What is required: Take the lines in the listing below from the line with "中共第十九届中央委员会第四次" up to and including the line with "Roland KC-150 - это" and set them down exactly, skipping pictures and adding nothing.

Records for processing:
○ ○ ○
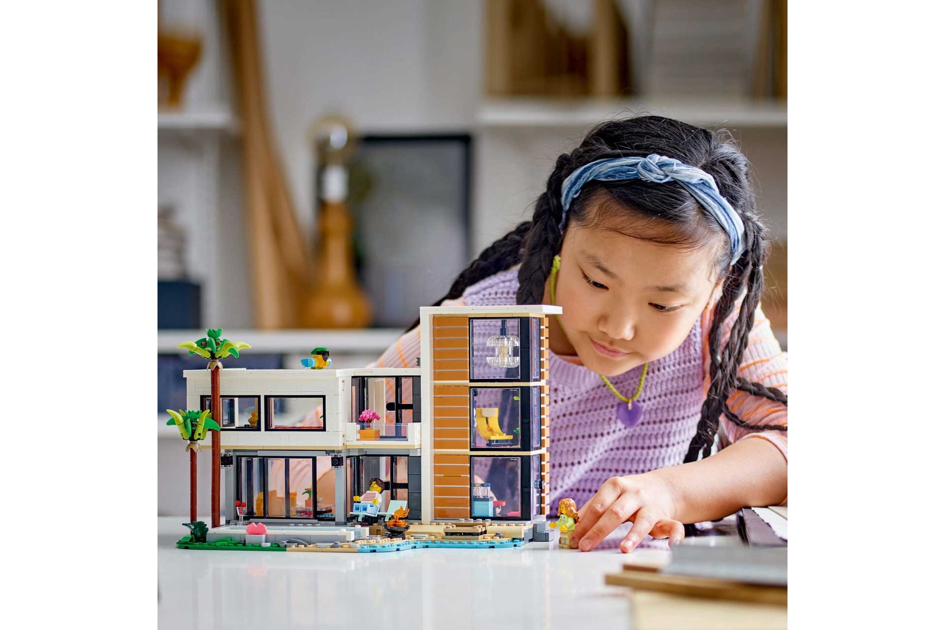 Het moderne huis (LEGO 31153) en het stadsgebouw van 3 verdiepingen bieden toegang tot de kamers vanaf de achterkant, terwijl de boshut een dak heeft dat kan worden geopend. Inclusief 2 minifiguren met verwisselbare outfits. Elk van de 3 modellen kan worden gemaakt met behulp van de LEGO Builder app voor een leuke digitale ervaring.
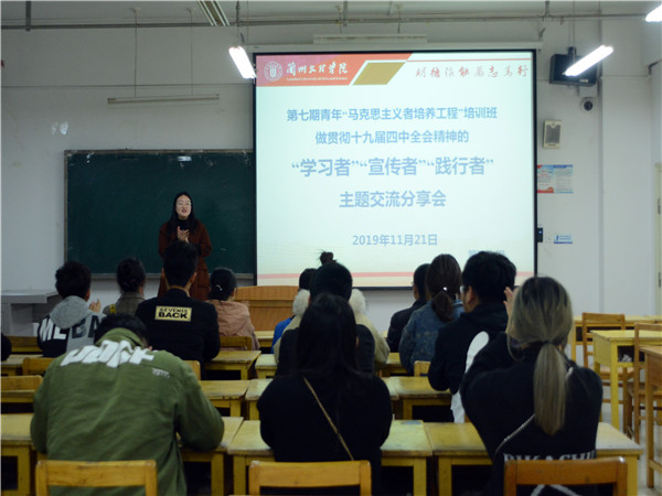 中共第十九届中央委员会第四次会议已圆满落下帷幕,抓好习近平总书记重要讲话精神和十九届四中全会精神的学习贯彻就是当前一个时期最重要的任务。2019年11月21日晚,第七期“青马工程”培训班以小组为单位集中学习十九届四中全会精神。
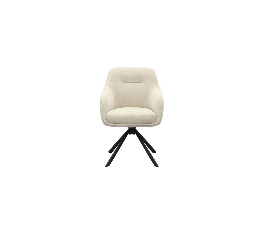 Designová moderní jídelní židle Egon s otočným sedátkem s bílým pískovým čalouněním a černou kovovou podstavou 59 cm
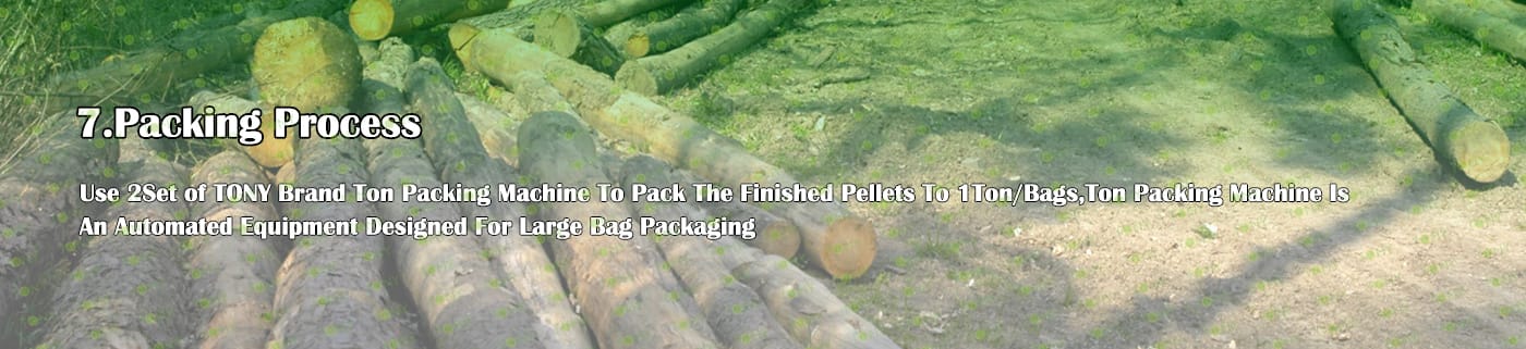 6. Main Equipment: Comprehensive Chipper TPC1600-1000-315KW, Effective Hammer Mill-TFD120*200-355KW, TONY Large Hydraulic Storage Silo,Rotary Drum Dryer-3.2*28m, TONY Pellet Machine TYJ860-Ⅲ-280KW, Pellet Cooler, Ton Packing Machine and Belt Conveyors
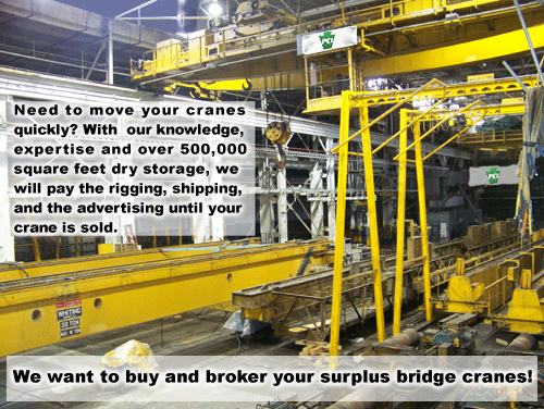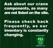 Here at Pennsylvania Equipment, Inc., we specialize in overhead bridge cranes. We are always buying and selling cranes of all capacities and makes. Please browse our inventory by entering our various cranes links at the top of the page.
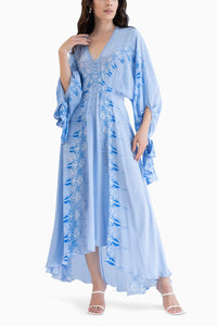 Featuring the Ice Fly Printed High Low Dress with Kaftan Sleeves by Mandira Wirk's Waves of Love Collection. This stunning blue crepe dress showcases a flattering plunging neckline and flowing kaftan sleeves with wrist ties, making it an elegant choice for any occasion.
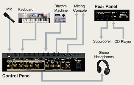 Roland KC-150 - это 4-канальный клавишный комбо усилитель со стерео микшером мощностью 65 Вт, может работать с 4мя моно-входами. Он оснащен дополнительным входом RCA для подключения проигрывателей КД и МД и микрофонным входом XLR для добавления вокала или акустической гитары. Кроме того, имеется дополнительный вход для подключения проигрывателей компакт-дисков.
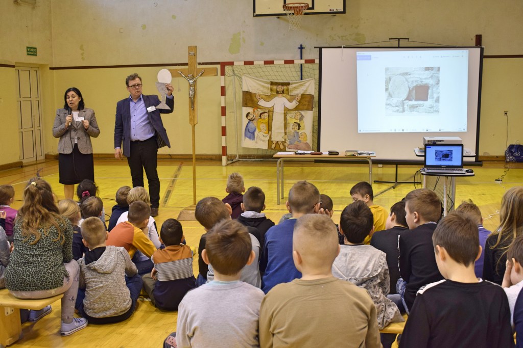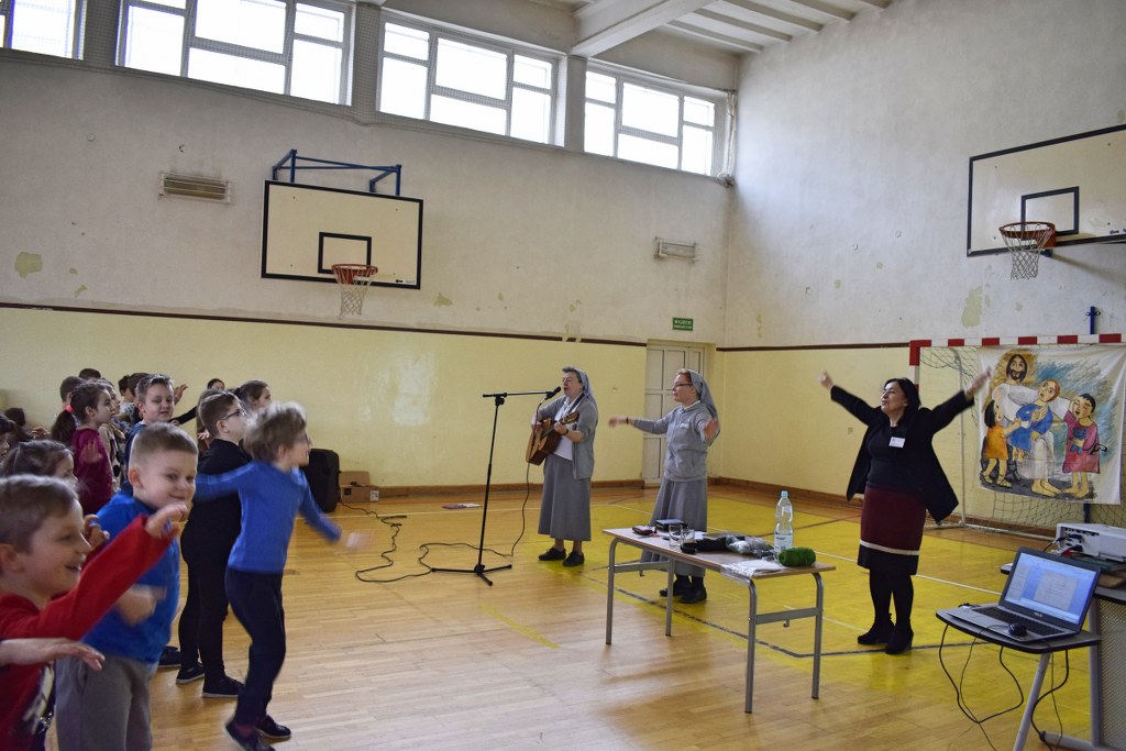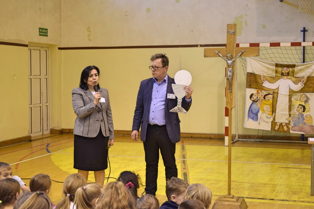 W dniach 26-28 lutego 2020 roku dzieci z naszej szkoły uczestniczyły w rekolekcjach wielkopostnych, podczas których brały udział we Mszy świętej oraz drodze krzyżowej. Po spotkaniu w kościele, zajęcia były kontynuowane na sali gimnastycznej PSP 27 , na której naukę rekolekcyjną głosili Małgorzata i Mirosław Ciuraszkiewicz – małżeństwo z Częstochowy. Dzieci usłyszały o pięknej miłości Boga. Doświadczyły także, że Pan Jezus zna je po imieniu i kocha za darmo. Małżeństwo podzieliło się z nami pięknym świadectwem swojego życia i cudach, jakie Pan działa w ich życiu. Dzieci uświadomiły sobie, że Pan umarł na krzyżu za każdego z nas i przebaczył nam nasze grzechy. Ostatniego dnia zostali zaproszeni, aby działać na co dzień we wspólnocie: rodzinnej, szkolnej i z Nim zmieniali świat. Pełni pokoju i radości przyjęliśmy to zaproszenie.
○ ○ ○
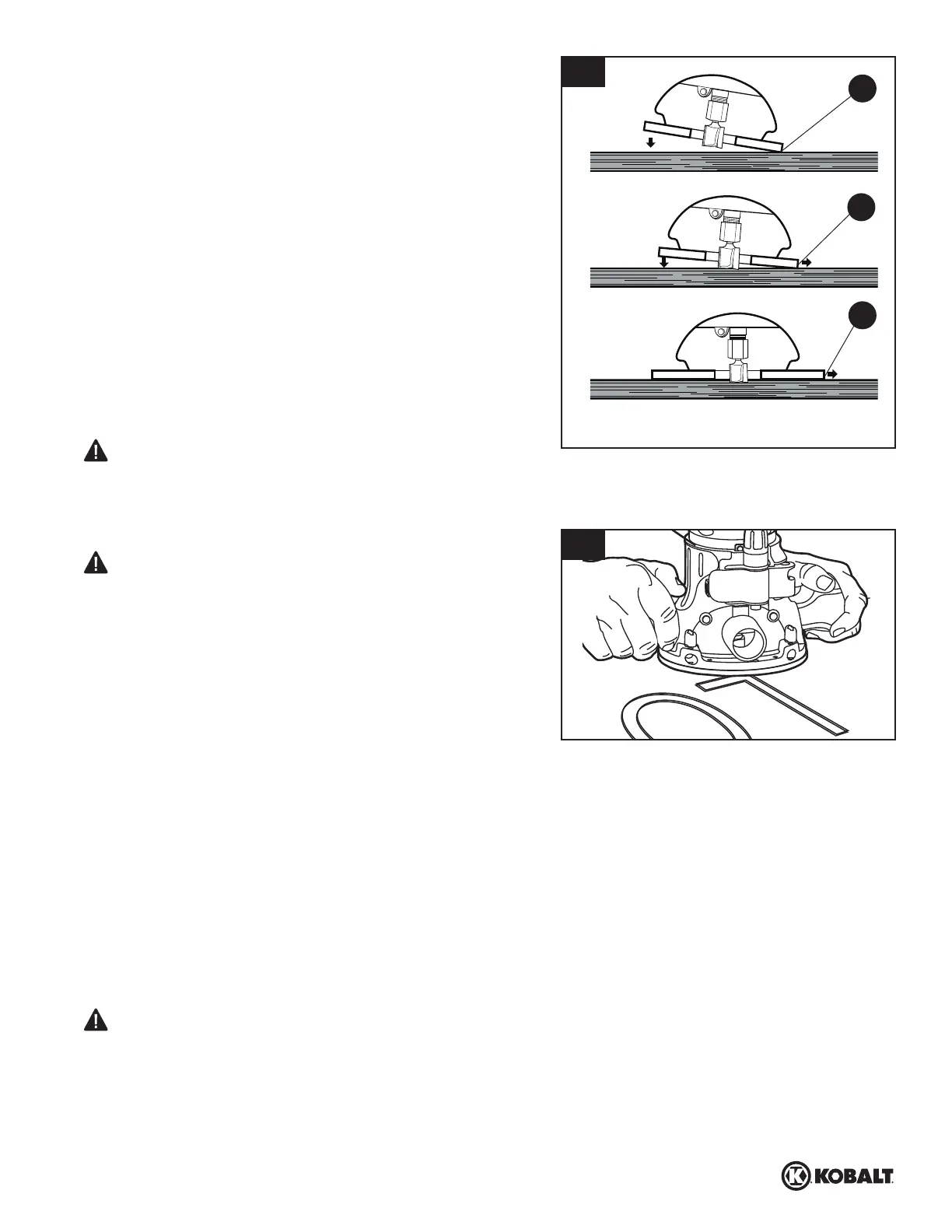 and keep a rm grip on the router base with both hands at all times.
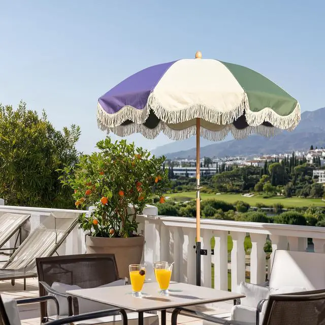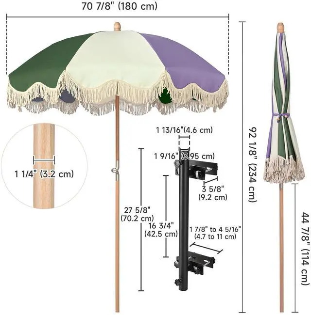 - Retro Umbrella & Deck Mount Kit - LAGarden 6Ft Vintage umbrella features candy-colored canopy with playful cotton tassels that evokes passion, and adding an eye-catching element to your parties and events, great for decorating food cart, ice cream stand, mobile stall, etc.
○ ○ ○
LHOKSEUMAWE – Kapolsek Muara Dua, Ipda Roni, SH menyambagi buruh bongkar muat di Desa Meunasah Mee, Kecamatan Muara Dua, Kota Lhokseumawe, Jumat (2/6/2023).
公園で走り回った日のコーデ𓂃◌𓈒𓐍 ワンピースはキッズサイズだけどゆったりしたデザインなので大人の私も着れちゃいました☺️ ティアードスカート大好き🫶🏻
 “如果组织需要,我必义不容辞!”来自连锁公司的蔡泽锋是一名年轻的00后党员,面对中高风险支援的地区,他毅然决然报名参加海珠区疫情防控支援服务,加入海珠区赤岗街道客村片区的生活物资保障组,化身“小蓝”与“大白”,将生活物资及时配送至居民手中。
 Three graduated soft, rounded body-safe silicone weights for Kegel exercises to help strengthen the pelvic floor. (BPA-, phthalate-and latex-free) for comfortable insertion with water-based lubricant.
○ ○ ○
The completed task:
 中共第十九届中央委员会第四次会议已圆满落下帷幕,抓好习近平总书记重要讲话精神和十九届四中全会精神的学习贯彻就是当前一个时期最重要的任务。2019年11月21日晚,第七期“青马工程”培训班以小组为单位集中学习十九届四中全会精神。
 Designová moderní jídelní židle Egon s otočným sedátkem s bílým pískovým čalouněním a černou kovovou podstavou 59 cm
 6. Main Equipment: Comprehensive Chipper TPC1600-1000-315KW, Effective Hammer Mill-TFD120*200-355KW, TONY Large Hydraulic Storage Silo,Rotary Drum Dryer-3.2*28m, TONY Pellet Machine TYJ860-Ⅲ-280KW, Pellet Cooler, Ton Packing Machine and Belt Conveyors
 Here at Pennsylvania Equipment, Inc., we specialize in overhead bridge cranes. We are always buying and selling cranes of all capacities and makes. Please browse our inventory by entering our various cranes links at the top of the page.
 Featuring the Ice Fly Printed High Low Dress with Kaftan Sleeves by Mandira Wirk's Waves of Love Collection. This stunning blue crepe dress showcases a flattering plunging neckline and flowing kaftan sleeves with wrist ties, making it an elegant choice for any occasion.
 Roland KC-150 - это 4-канальный клавишный комбо усилитель со стерео микшером мощностью 65 Вт, может работать с 4мя моно-входами. Он оснащен дополнительным входом RCA для подключения проигрывателей КД и МД и микрофонным входом XLR для добавления вокала или акустической гитары. Кроме того, имеется дополнительный вход для подключения проигрывателей компакт-дисков.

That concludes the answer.